### [INSTRUCTIONS FOR THE TASK]
Pictures appear among the records below and must be omitted. Repeat exactly the lines from the line with "after long-term use" to the line with "8.36 G. Nice", both included.

### [DATA FOR PROCESSING]
________

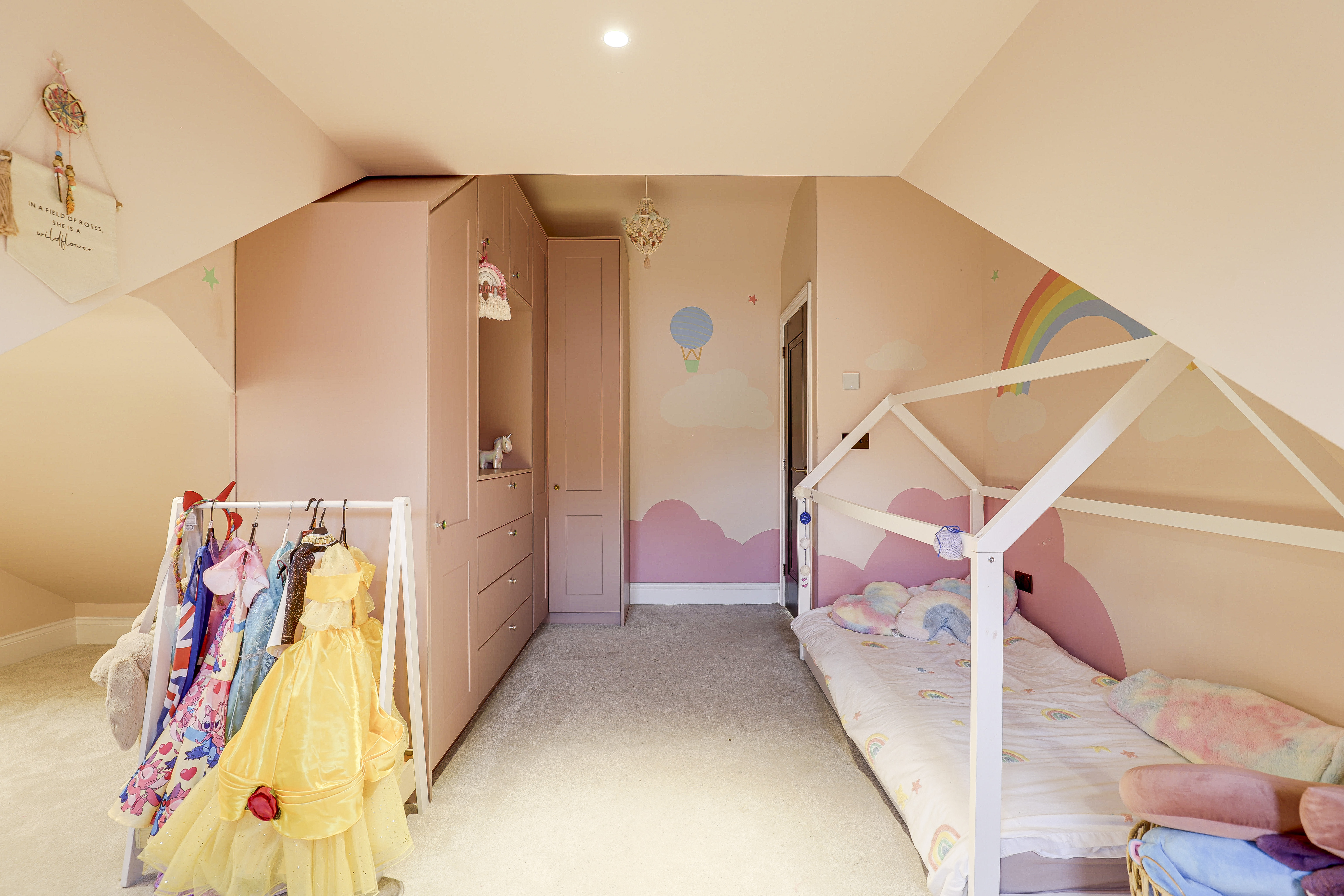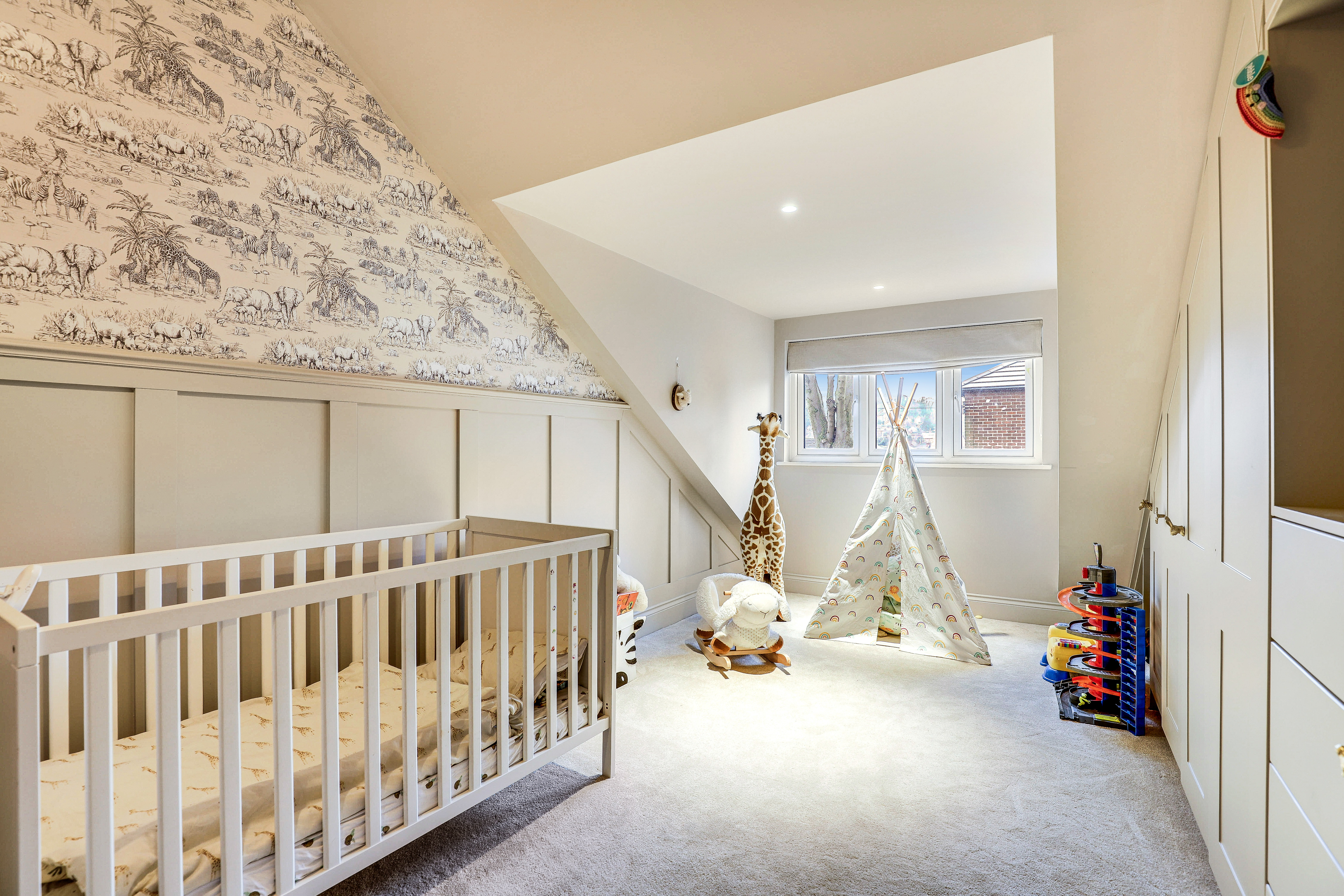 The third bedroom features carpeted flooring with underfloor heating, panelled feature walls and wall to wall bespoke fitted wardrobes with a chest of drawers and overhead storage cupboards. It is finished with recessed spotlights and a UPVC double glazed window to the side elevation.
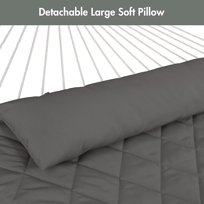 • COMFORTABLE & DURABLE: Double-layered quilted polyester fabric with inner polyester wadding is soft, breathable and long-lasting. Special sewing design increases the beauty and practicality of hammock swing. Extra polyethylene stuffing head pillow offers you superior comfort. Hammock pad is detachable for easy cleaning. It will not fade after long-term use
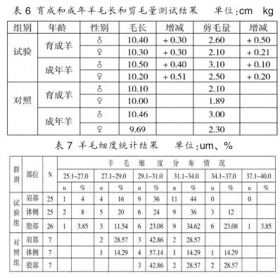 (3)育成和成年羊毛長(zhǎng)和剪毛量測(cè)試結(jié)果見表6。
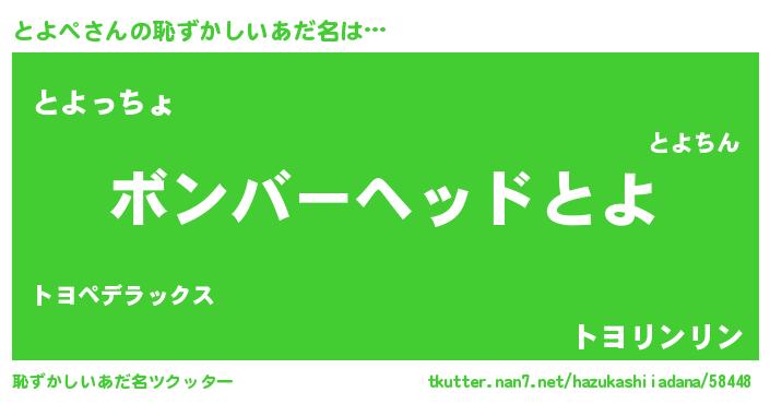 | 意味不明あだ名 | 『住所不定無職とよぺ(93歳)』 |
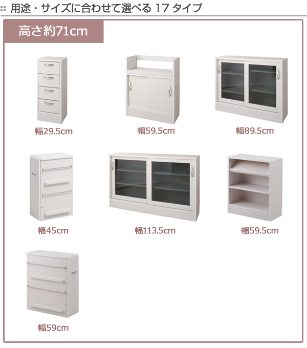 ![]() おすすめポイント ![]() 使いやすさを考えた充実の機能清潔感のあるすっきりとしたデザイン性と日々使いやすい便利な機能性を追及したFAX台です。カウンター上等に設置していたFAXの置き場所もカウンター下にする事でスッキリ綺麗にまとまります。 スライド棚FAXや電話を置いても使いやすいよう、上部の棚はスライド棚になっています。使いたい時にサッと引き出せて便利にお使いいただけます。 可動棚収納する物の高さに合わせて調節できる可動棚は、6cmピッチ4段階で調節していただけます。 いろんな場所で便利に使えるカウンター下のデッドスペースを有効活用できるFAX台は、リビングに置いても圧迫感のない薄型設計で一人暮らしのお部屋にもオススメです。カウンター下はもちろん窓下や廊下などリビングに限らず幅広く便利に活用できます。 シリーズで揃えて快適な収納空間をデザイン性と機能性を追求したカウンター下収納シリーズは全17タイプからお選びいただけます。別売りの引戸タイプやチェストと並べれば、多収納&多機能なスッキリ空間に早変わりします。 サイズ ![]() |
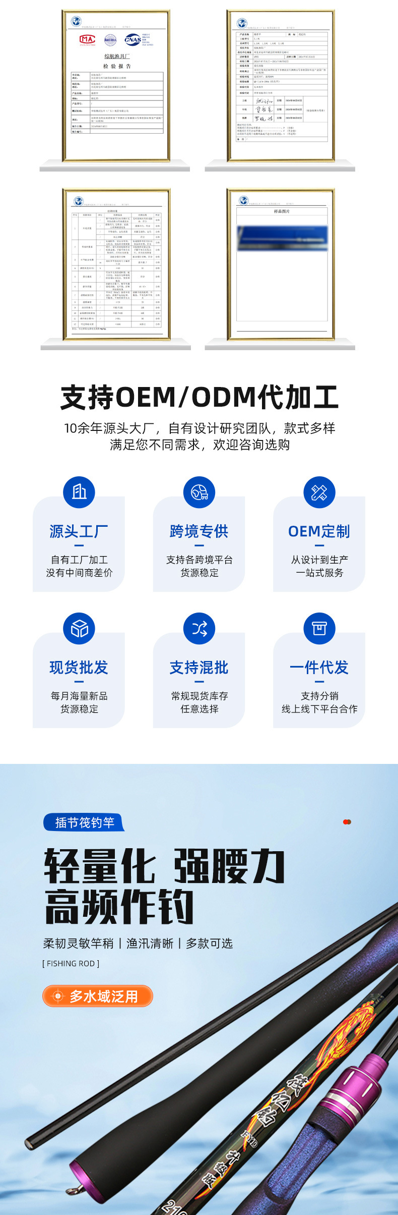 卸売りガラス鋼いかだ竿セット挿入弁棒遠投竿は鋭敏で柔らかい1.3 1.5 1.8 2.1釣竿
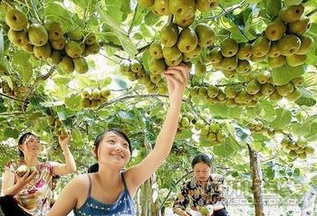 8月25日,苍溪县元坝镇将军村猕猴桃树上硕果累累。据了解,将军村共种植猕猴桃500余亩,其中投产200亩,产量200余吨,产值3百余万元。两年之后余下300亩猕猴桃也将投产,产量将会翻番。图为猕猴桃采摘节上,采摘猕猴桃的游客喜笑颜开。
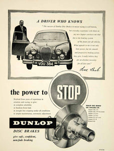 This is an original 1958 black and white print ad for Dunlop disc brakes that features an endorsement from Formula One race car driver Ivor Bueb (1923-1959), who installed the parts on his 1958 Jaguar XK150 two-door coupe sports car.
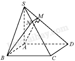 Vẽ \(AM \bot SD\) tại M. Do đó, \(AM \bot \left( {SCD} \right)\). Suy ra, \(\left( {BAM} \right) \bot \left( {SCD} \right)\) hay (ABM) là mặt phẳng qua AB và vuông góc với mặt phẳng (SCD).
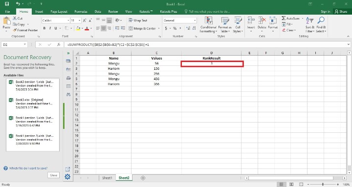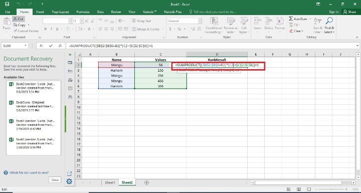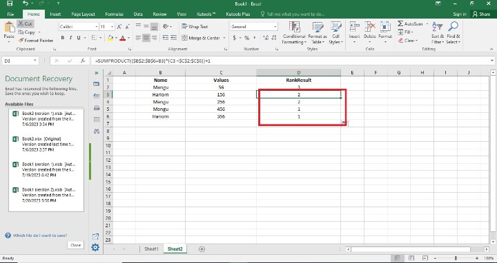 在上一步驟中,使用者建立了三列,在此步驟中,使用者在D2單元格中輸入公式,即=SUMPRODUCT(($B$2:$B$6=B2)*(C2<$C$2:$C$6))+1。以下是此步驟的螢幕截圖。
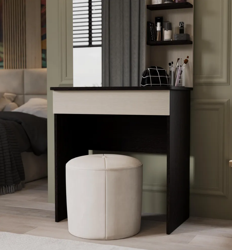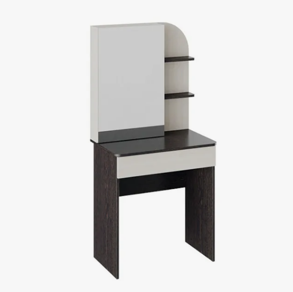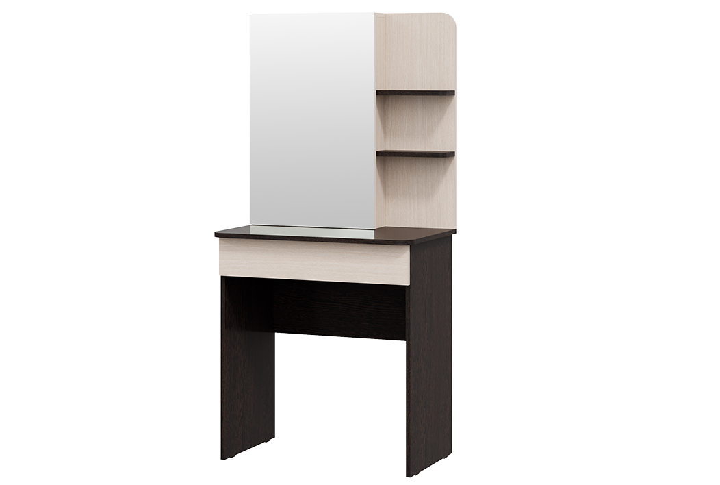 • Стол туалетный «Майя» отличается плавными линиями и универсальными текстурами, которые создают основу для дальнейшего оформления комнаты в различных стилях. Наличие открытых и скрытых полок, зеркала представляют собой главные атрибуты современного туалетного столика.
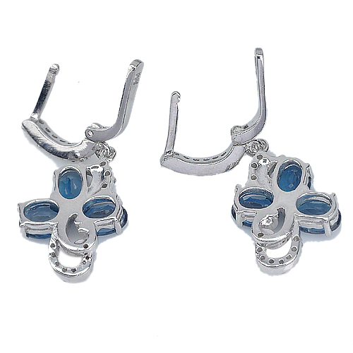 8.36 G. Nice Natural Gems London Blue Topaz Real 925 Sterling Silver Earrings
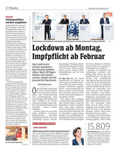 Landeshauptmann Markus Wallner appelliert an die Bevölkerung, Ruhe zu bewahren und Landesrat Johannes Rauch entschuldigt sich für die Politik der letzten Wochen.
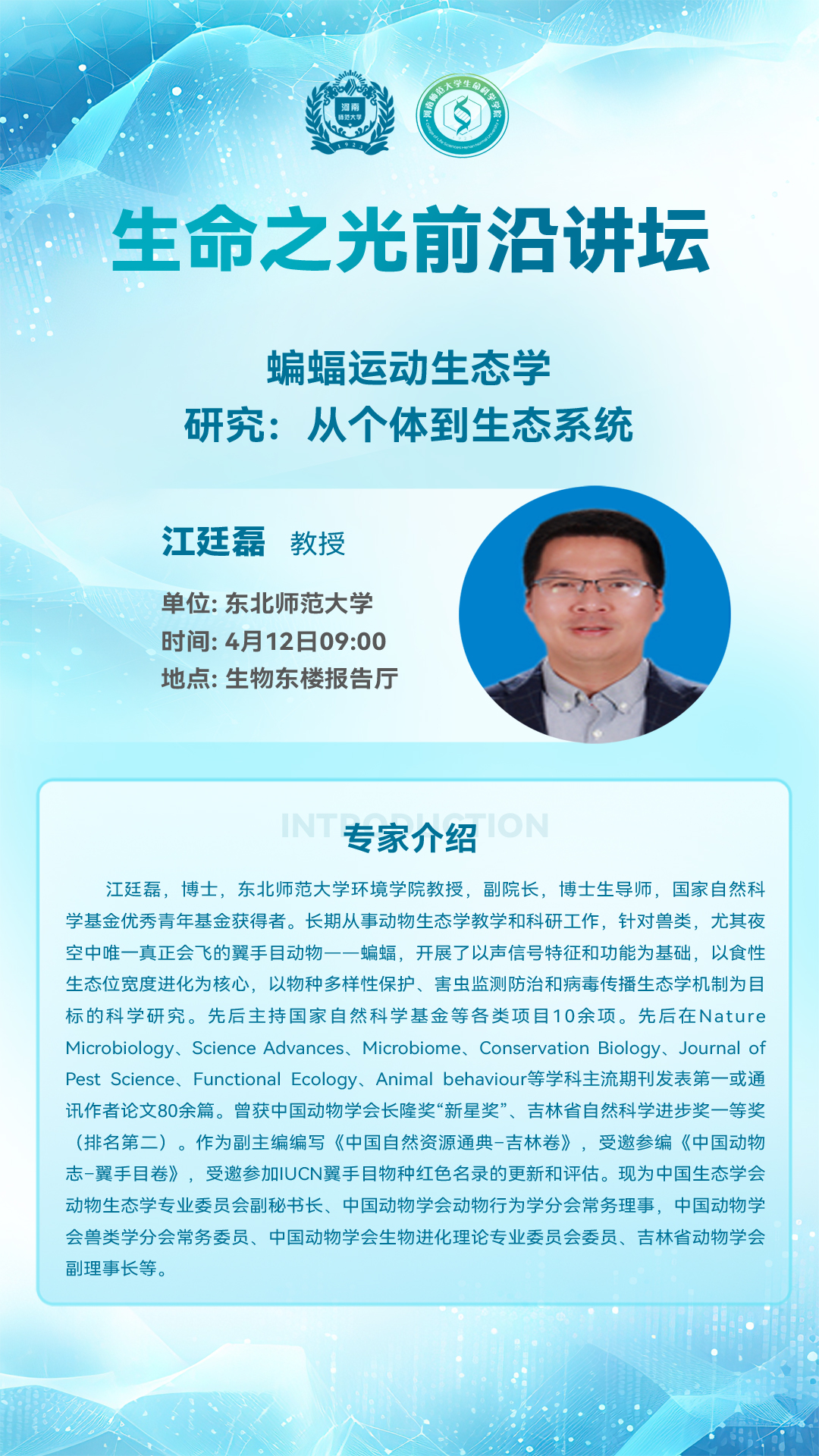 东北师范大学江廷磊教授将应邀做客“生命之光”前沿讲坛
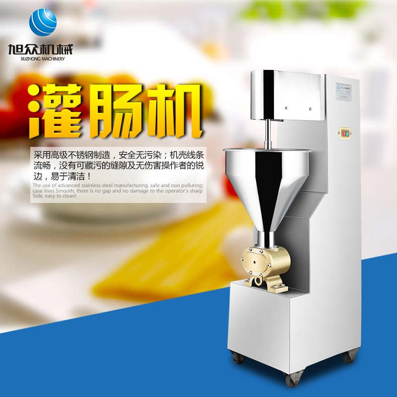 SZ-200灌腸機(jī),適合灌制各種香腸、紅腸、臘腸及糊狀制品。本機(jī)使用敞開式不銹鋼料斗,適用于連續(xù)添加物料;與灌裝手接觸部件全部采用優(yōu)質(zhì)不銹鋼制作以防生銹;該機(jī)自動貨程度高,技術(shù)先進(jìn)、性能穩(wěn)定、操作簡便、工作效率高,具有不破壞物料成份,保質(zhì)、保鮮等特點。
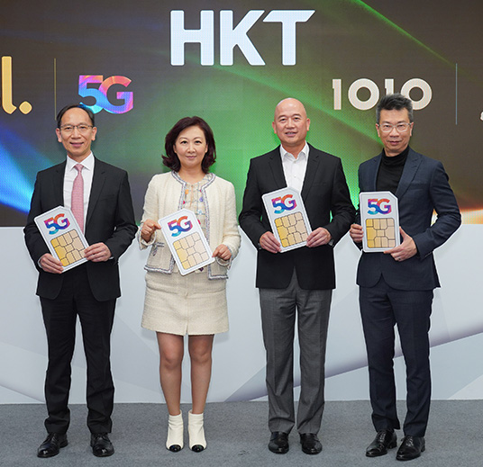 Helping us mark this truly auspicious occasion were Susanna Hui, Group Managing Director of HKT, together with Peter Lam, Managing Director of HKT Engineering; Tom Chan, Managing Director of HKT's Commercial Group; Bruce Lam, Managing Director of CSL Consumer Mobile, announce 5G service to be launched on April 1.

________

### [RESPONSE TO THE TASK]
 • COMFORTABLE & DURABLE: Double-layered quilted polyester fabric with inner polyester wadding is soft, breathable and long-lasting. Special sewing design increases the beauty and practicality of hammock swing. Extra polyethylene stuffing head pillow offers you superior comfort. Hammock pad is detachable for easy cleaning. It will not fade after long-term use
 (3)育成和成年羊毛長(zhǎng)和剪毛量測(cè)試結(jié)果見表6。
 | 意味不明あだ名 | 『住所不定無職とよぺ(93歳)』 |
 ![]() おすすめポイント ![]() 使いやすさを考えた充実の機能清潔感のあるすっきりとしたデザイン性と日々使いやすい便利な機能性を追及したFAX台です。カウンター上等に設置していたFAXの置き場所もカウンター下にする事でスッキリ綺麗にまとまります。 スライド棚FAXや電話を置いても使いやすいよう、上部の棚はスライド棚になっています。使いたい時にサッと引き出せて便利にお使いいただけます。 可動棚収納する物の高さに合わせて調節できる可動棚は、6cmピッチ4段階で調節していただけます。 いろんな場所で便利に使えるカウンター下のデッドスペースを有効活用できるFAX台は、リビングに置いても圧迫感のない薄型設計で一人暮らしのお部屋にもオススメです。カウンター下はもちろん窓下や廊下などリビングに限らず幅広く便利に活用できます。 シリーズで揃えて快適な収納空間をデザイン性と機能性を追求したカウンター下収納シリーズは全17タイプからお選びいただけます。別売りの引戸タイプやチェストと並べれば、多収納&多機能なスッキリ空間に早変わりします。 サイズ ![]() |
 卸売りガラス鋼いかだ竿セット挿入弁棒遠投竿は鋭敏で柔らかい1.3 1.5 1.8 2.1釣竿
 8月25日,苍溪县元坝镇将军村猕猴桃树上硕果累累。据了解,将军村共种植猕猴桃500余亩,其中投产200亩,产量200余吨,产值3百余万元。两年之后余下300亩猕猴桃也将投产,产量将会翻番。图为猕猴桃采摘节上,采摘猕猴桃的游客喜笑颜开。
 This is an original 1958 black and white print ad for Dunlop disc brakes that features an endorsement from Formula One race car driver Ivor Bueb (1923-1959), who installed the parts on his 1958 Jaguar XK150 two-door coupe sports car.
 Vẽ \(AM \bot SD\) tại M. Do đó, \(AM \bot \left( {SCD} \right)\). Suy ra, \(\left( {BAM} \right) \bot \left( {SCD} \right)\) hay (ABM) là mặt phẳng qua AB và vuông góc với mặt phẳng (SCD).
 在上一步驟中,使用者建立了三列,在此步驟中,使用者在D2單元格中輸入公式,即=SUMPRODUCT(($B$2:$B$6=B2)*(C2<$C$2:$C$6))+1。以下是此步驟的螢幕截圖。
 • Стол туалетный «Майя» отличается плавными линиями и универсальными текстурами, которые создают основу для дальнейшего оформления комнаты в различных стилях. Наличие открытых и скрытых полок, зеркала представляют собой главные атрибуты современного туалетного столика.
 8.36 G. Nice Natural Gems London Blue Topaz Real 925 Sterling Silver Earrings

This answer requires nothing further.